How would she tell him? How would he react? What would he say after she broke the news?

Sadie shuffled from foot to foot, wondering why he was taking so long to open his front door. She turned around and looked out into the misty night, tendrils of dense fog touching her cheeks and forehead. It was the end of January; the baby would be born in late September, early October.

So near, yet so far away.

Sadie heard the snick of a lock and resisted the urge to bolt down the path and fling herself into her leased car. In an hour she could be at the airport; in another few hours she could be on a plane heading for Paris, or she could go to the UAE and hide out at Hassan’s apartment in Abu Dhabi. He wouldn’t ask any questions; in fact, he’d offer her marriage to keep her in the lap of luxury. There were benefits to having an Arabian prince as a best friend.

But his family, as much as they adored her, would not approve of their son raising another man’s child. She didn’t need Hassan’s parental help, nor did she need his financial help.

She just needed to not have this conversation with Carrick Murphy.

“Sorry, I’d just stepped out of the shower when you sent that message. That’s why I took so long,” Carrick said after opening the imposing front door to his house. He stepped back into the hallway and gestured her inside.

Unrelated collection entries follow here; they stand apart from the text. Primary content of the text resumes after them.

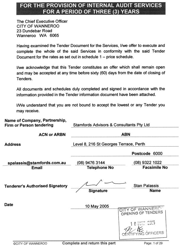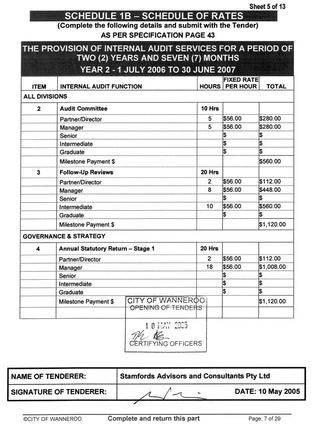 GS02-08/05 Tender 05511 - Internal Audit Services - 1 July 2005 to 30 June 2008
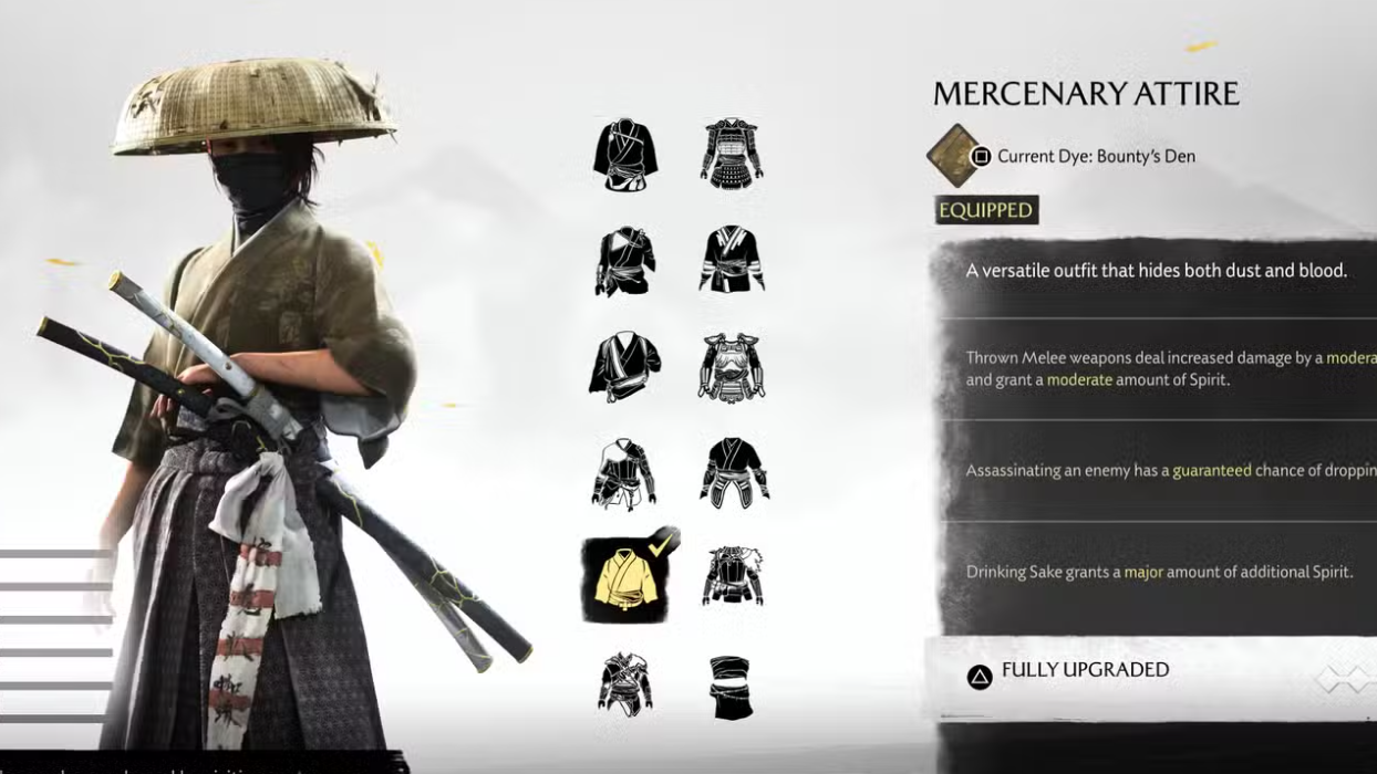 | Mercenary Attire | Story mission when infiltrating a fortress in disguise (Belly of the Beast) | Thrown melee weapons hit harder and grant Spirit; assassinations may drop sake; drinking sake grants extra Spirit. |
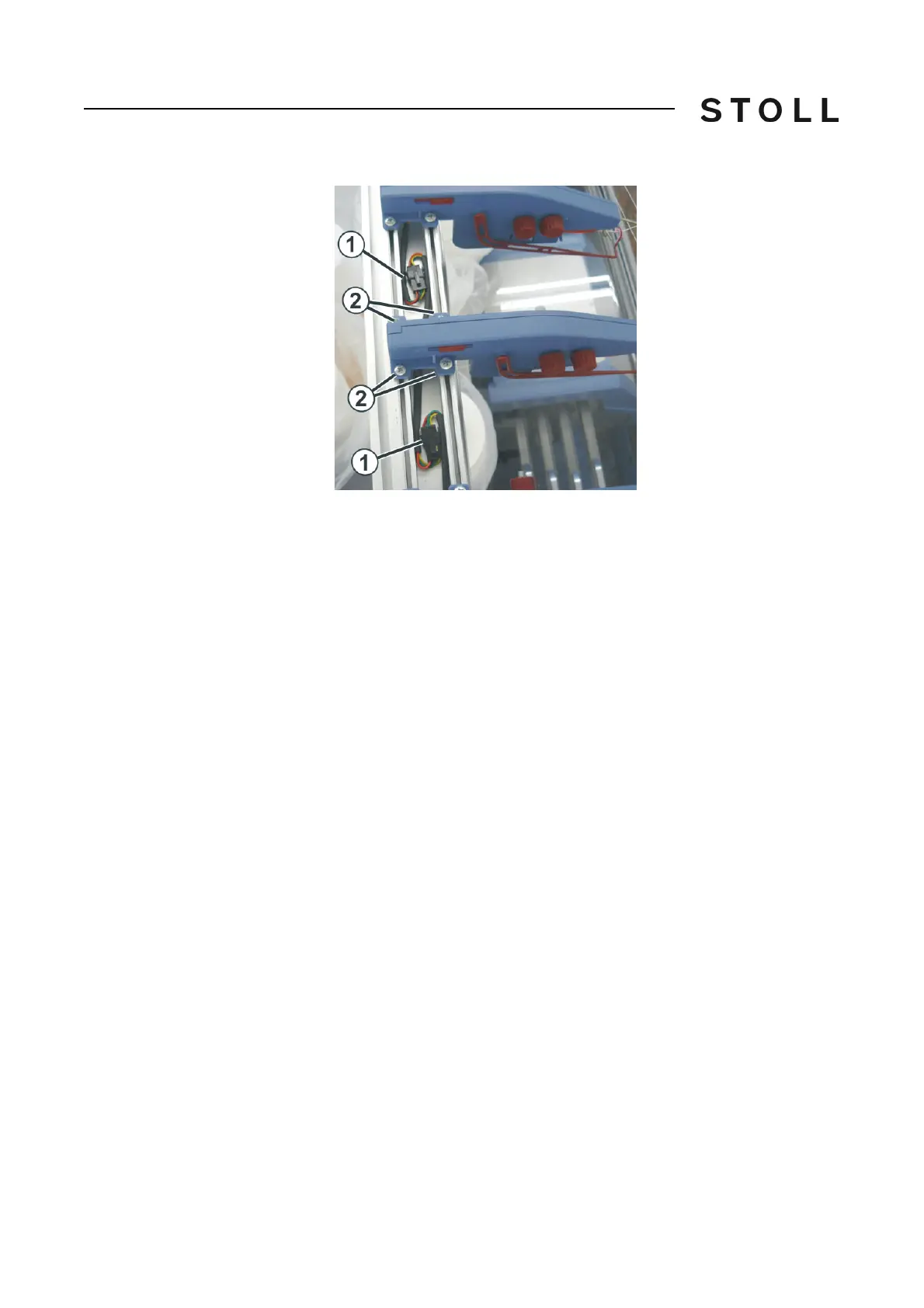 5. Mount the new yarn control device exactly at the position (marking)
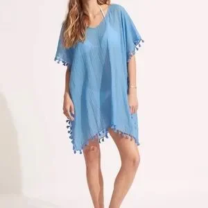 Seafolly Amnesia Kaftan in the Azure color (soft blue) and is made from 100% cotton gauze.
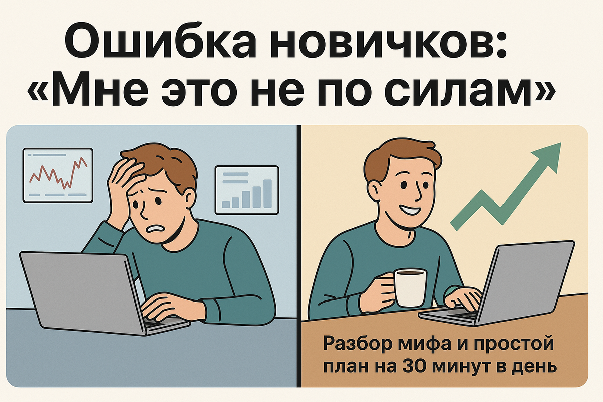 📍 Разбор и мягкий путь к реальному старту за 30 минут в день Многие новички в трейдинге допускают одну и ту же ошибку: считают, что трейдинг — это только для “избранных”. Для тех, у кого уйма свободного времени, техническое образование и железные нервы. Если ты когда-либо думал: «У меня нет времени, чтобы разбираться в этом»
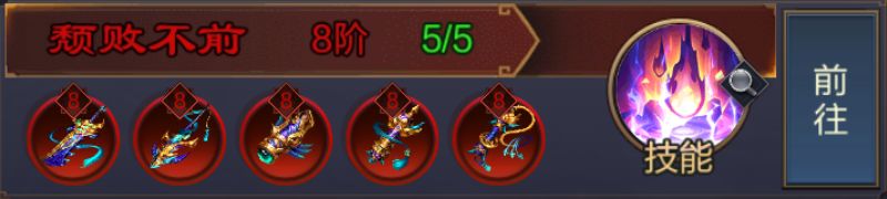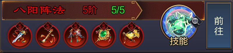 技能介绍:我方武将首次释放战意技能时,发动八阳阵法,8秒内敌方所有武将每次造成伤害,其自身会受到本次伤害9.6%的反弹伤害,最大不超过该单位最大攻击力280%。
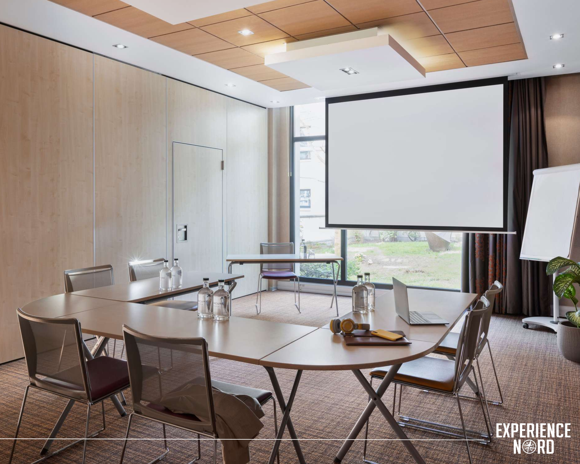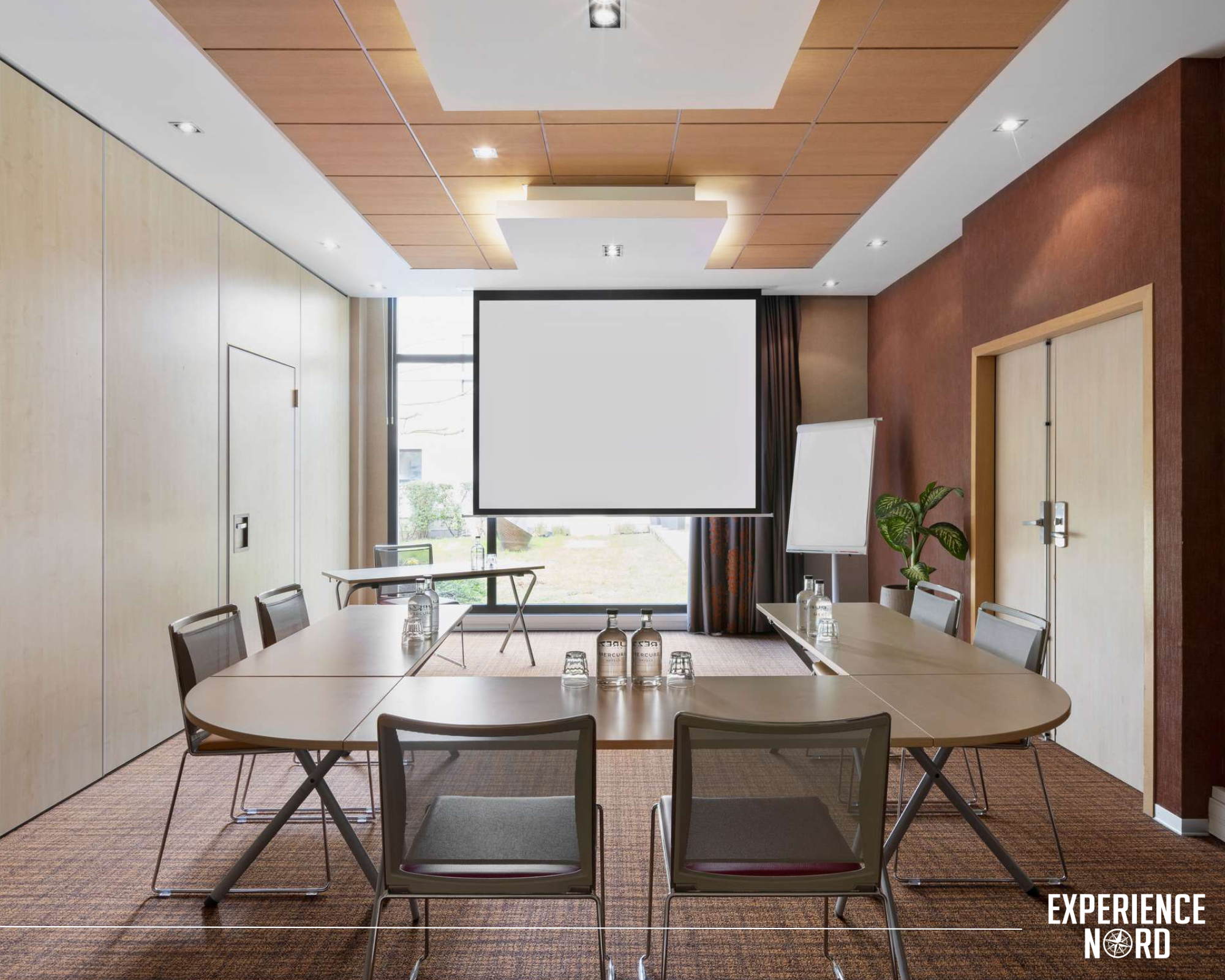 Pour les événements professionnels, l’établissement met à disposition plusieurs salles de réunion modulables. Ainsi, vous pouvez accueillir jusqu’à 110 personnes selon la configuration. Ces espaces sont équipés de matériel audiovisuel performant et d’une connexion Wi-Fi haut débit, répondant aux besoins des réunions, formations, conférences ou journées d’étude.
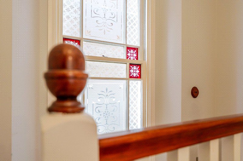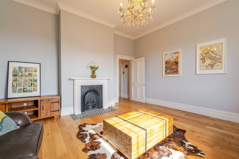 Upon entering, a welcoming hallway provides access to all principal rooms. The living room is a particularly striking space, featuring high ceilings, large sash windows and a feature fireplace, creating a superb setting for both relaxing and entertaining.
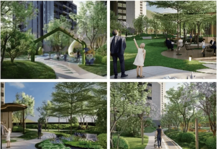园林设计:社区内设有三重大堂山居礼遇、约400㎡快乐启蒙乐园、约100㎡山系共享会客厅以及全天候林下剧场空间,为全龄段居民提供休闲娱乐的好去处。
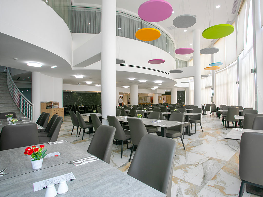 I hovedrestauranten på hotellet, hvor du spiser dagens tre måltider, tilbys blant annet kalde og varme retter, salater, brød og lokal drikke. Noen ganger arrangeres det show cooking om kveldene, hvor maten lages rett foran deg, og også forskjellige temakvelder med mat fra alle verdenshjørner. Til dessert serveres lokale bakverk og fersk frukt.
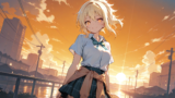 PixAI【Shiitake-Mix】1girl, , blonde hair, long hair, cat ears, looking at viewer, cowboy shot, halo, little wings,holding popcorn, sitting,movie theater, dark background,looking away, masterpiece, simple background, high quality, sailor dress, short sleeves,tokiame, Fantasy Scene, ,cinematic lighting, cinematic angle, soft light, color detail, backlighting, Depth of field, long exposure, light steps, intricate colors, vibrant colors
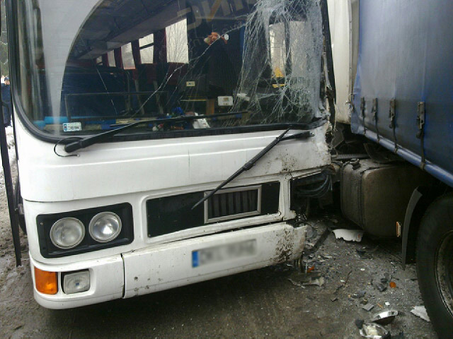 Autobus zderzył się z ciężarówką
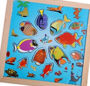 That’s why I love this Wooden Magnetic Fishing Game. There’s still a puzzle to be done, but it’s different. You get to use a pretend fishing rod and lift up the wooden (brightly coloured!) fish with the attached magnet to put them in the right shaped/sized space.
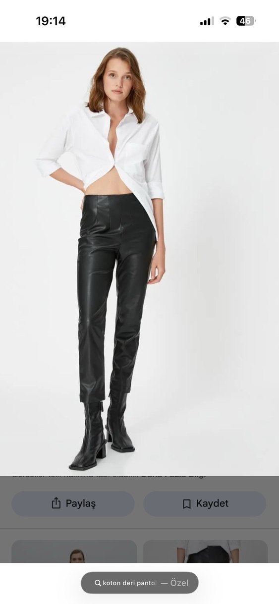 Siyah deri, midi boy, regular fit cigarette pantolon. Ofis için uygun, zahmetsiz şıklık sunar. Modern tarzda rahat ve şık. Dolapta küçük bir defosu oluşmuş fotoğrafı eklendi
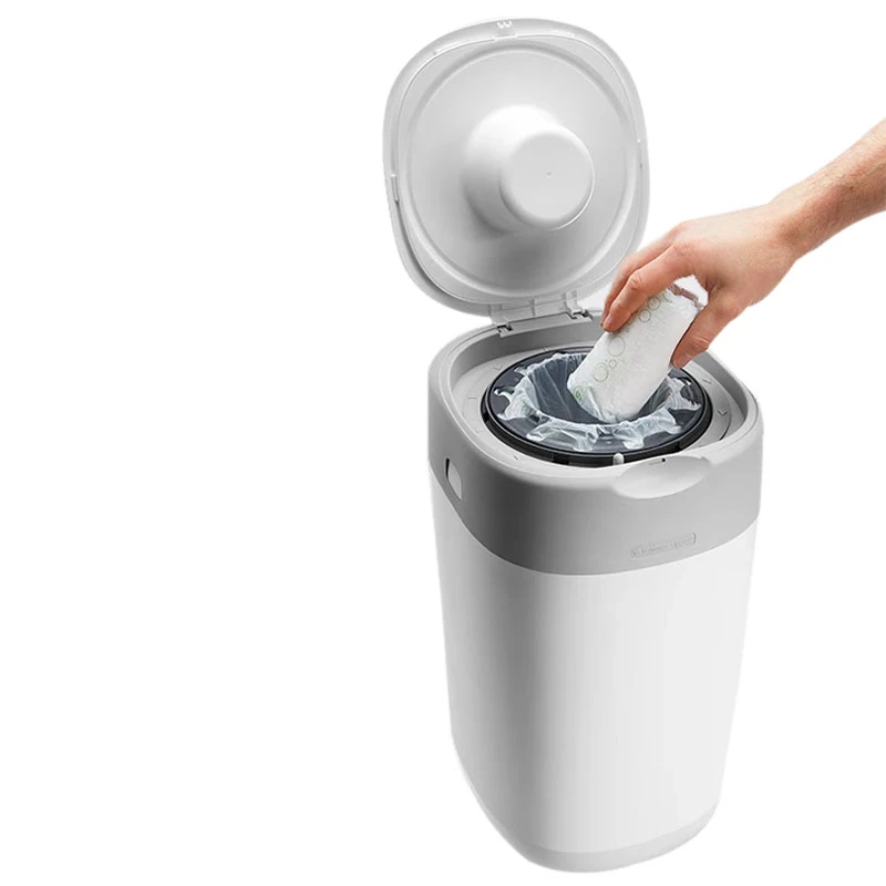 Il Mangiapannolini Twist&Click + 4 Ricariche di Tommee Tippee avvolge singolarmente ogni pannolino e sigilla cattivi odori e batteri! Questo contenitore può contenere fino a 30 pannolini, in generale i neonati possono cambiare il pannolino fino a 12 volte al giorno: con Twist&Click il genitore non dovrà più uscire tanto frequentemente per buttare la spazzatura, mantenendo comunque la casa linda e senza sgradevoli odori in giro! Il nuovo coperchio piatto si apre contro ogni tipo di parete, consentendoti di posizionarlo e usarlo ovunque. Il Mangiapannolini di Tommee Tippeee assicura che ogni pannolino sia avvolto singolarmente nella giusta quantità di pellicola antibatterica, avvisando con un clic quando il pannolino è stato avvolto completamente, riducendo così la quantità di rifiuti e di sprechi.
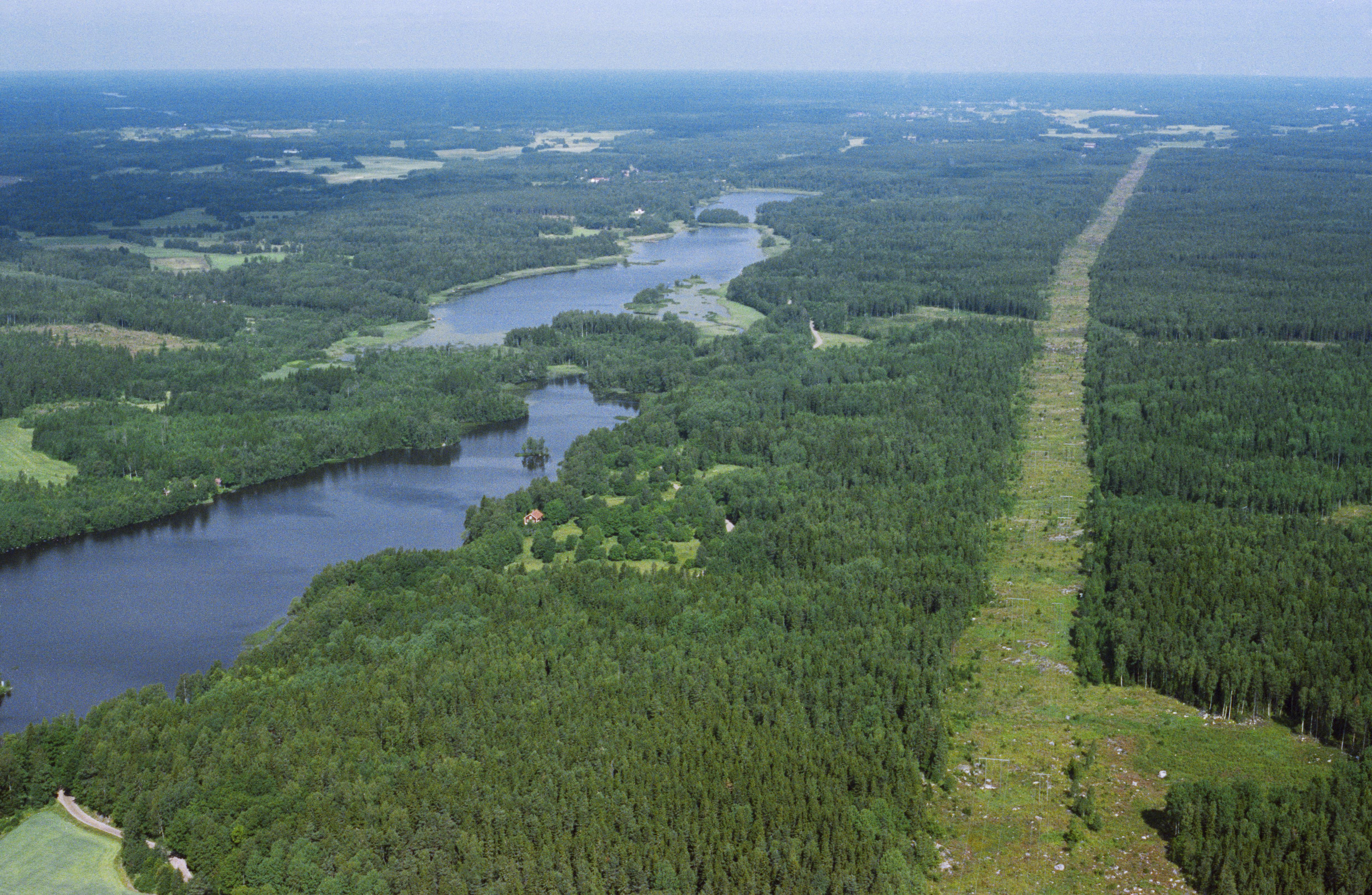 Beskrivning: Vid bildens mitt Skattbolsgrundet i sjön Närdingen. Uppe till höger i bildens övre del Skebobruk RAÄnr Ununge 127:1. Bilden är tagen mot (väderstreck): NNV
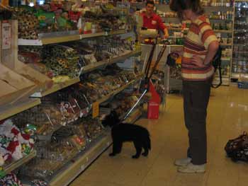 ![]() Honden-walhalla...oftewel de dierenspeciaalzaak met een rek vol speeltjes en kluifjes |

Sadie stepped into his hall, her eyes immediately going to the massive abstract painting on the large wall on her right. She unwound her scarf as she hustled over to the painting, wanting to fall into all that movement and color. Carrick was so lucky to see this painting every single day.

“When did you acquire this Pollack?” Sadie demanded. “I don’t know this painting.”

“My grandfather bought it in the forties from the artist himself.” Carrick tugged her coat from her shoulders and Sadie barely noticed.

“What’s it called?”

“Sadie, you didn’t come to my house at ten at night to discuss art,” Carrick said, hanging her coat and scarf on an antique coat stand in the corner. He frowned at her. “Or did you? Is this about the Homer?”

She wished. Sadie shook her head and pushed her hands into the back pockets of her jeans. “Can we...can we sit?”

Carrick nodded. “Okay. Let’s go to the library.”